Liban : Macron a raison de parler avec le Hezbollah


 

Le Hezbollah n’est pas Daech

Décidément, la France a la passion des petits peuples

Établissant un parallèle historique avec les Kurdes, Eric Zemmour rappelle
le trait suivant : « Aux premiers jours de la révolution de février 1848
qui renversa Louis-Philippe, le chef du gouvernement provisoire, Alphonse
de Lamartine, intervient devant une assemblée populaire. Un ouvrier, qu’on
aurait cru sorti des Misérables, se lève et lui demande sans précautions
oratoires: «Que ferez-vous pour la Pologne?» ».

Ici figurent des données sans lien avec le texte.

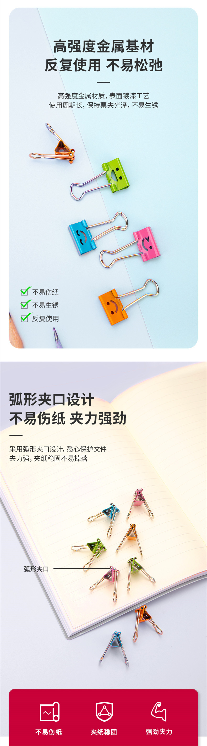 델리 8487 미소 긴 꼬리 티켓 홀더 배럴 5 # 창조적 인 귀여운 티켓 소지자 더브 테일 클립 폴더 19mm 피쉬 테일 클립 클립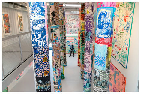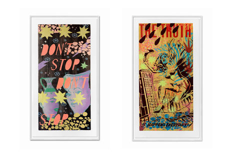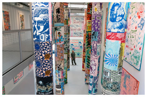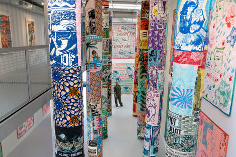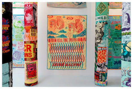 Since 2008, a significant part of their work has been inspired by traditional craft movements, particularly quilt making and woodwork. FAILE found quilt making closely aligned with their collage process—taking disparate elements of type and imagery, each with its own history, and weaving them together to create new narratives and icons. Much like historic quilts that repurposed discarded fabrics into something functional and beautiful, FAILE transforms cultural scraps of time into cohesive works of art.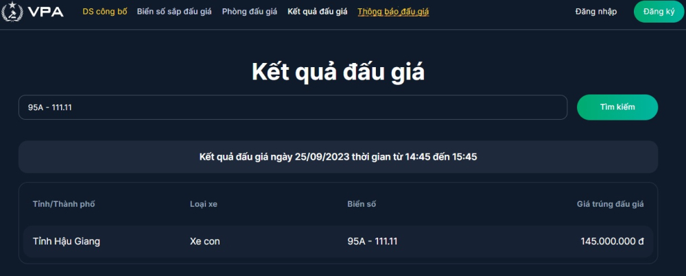 Trong ngày hôm qua, 25 tháng 9 năm 2023, công ty đấu giá hợp danh Việt Nam đã đưa ra 48 biển số để tham dự đấu giá chỉ trong 1 ngày, nhiều nhất trong 4 lần đấu giá gần đây. Trong các bộ số này, có nhiều chiếc biển rất đẹp như ngũ quý, tứ quý hay sảnh rồng.

On retrouve cette même passion pour les petits peuples dans notre amour
pour le Liban. Il faut dire que les relations entre la France et le Pays
du Cèdre sont anciennes. Elles remontent aux Croisades, qui virent
l’établissement de Chevaliers français et la fondation de petits États
chrétiens, finalement détruits par la reconquête musulmane. Le roi
Saint-Louis passa quatre années au Liban et déclara aux Chrétiens libanais
dans la charte du 24 mai 1250 : « Pour nous, et nos successeurs sur le
trône de France, nous promettons de vous donner à vous et à tout votre
peuple notre protection spéciale comme nous la donnons aux Français
eux-mêmes.» Depuis, la France est la protectrice des Chrétiens d’Orient.
De nombreux Libanais comptent des Croisés français dans leur ascendance.
Ainsi le nom de la célèbre famille chrétienne Frangié, un clan
emblématique de la vie politique libanaise, vient tout simplement de
« Français ». Et depuis cette époque, les liens spirituels, linguistiques,
culturels, politiques et économiques du Liban avec la France sont très
forts.

200 000 Libanais en France

Au 15ème siècle, le marchand Jacques Coeur, qui avait aidé le roi Charles
VII à reconquérir son royaume contre les Anglais durant la Guerre de Cent
ans, développa les liens commerciaux avec le Levant
(Palestine/Liban/Syrie). Un siècle plus tard, dans le cadre de son
alliance avec l’Empire ottoman, la France de François 1er se vit
reconnaître un certain nombre de droits et de privilèges, incluant
notamment la protection des Chrétiens vivant en terre ottomane, et tout
particulièrement celle des Chrétiens libanais. Tous les Rois de France
bénéficièrent des mêmes privilèges jusqu’à la Révolution. En 1860,
Napoléon III lança une expédition militaire pour protéger les chrétiens
libanais alors persécutés. En 1919, lorsque l’Empire ottoman s’effondra,
c’est tout naturellement à la France que la SDN confia le mandat sur le
Liban. En 1941, les troupes de la France Libre reconquirent le Liban et la
Syrie contre les forces de Vichy et le Général de Gaulle put déclarer
depuis Beyrouth : « Les Libanais ont été le seul peuple dont jamais aucun
jour le cœur n’a cessé de battre au rythme du cœur de la France. » Depuis
1978, nos troupes sont engagées au Liban, dans le cadre de la FINUL sous
le mandat de l’ONU. Elles y mènent de nombreuses missions, notamment de
déminage.

Aujourd’hui, les écoles françaises sont légions au Liban et nombreux sontles Libanais, de toutes confessions, qui parlent notre langue. L’un des principaux journaux libanais, L’Orient-Le Jour, est en langue française.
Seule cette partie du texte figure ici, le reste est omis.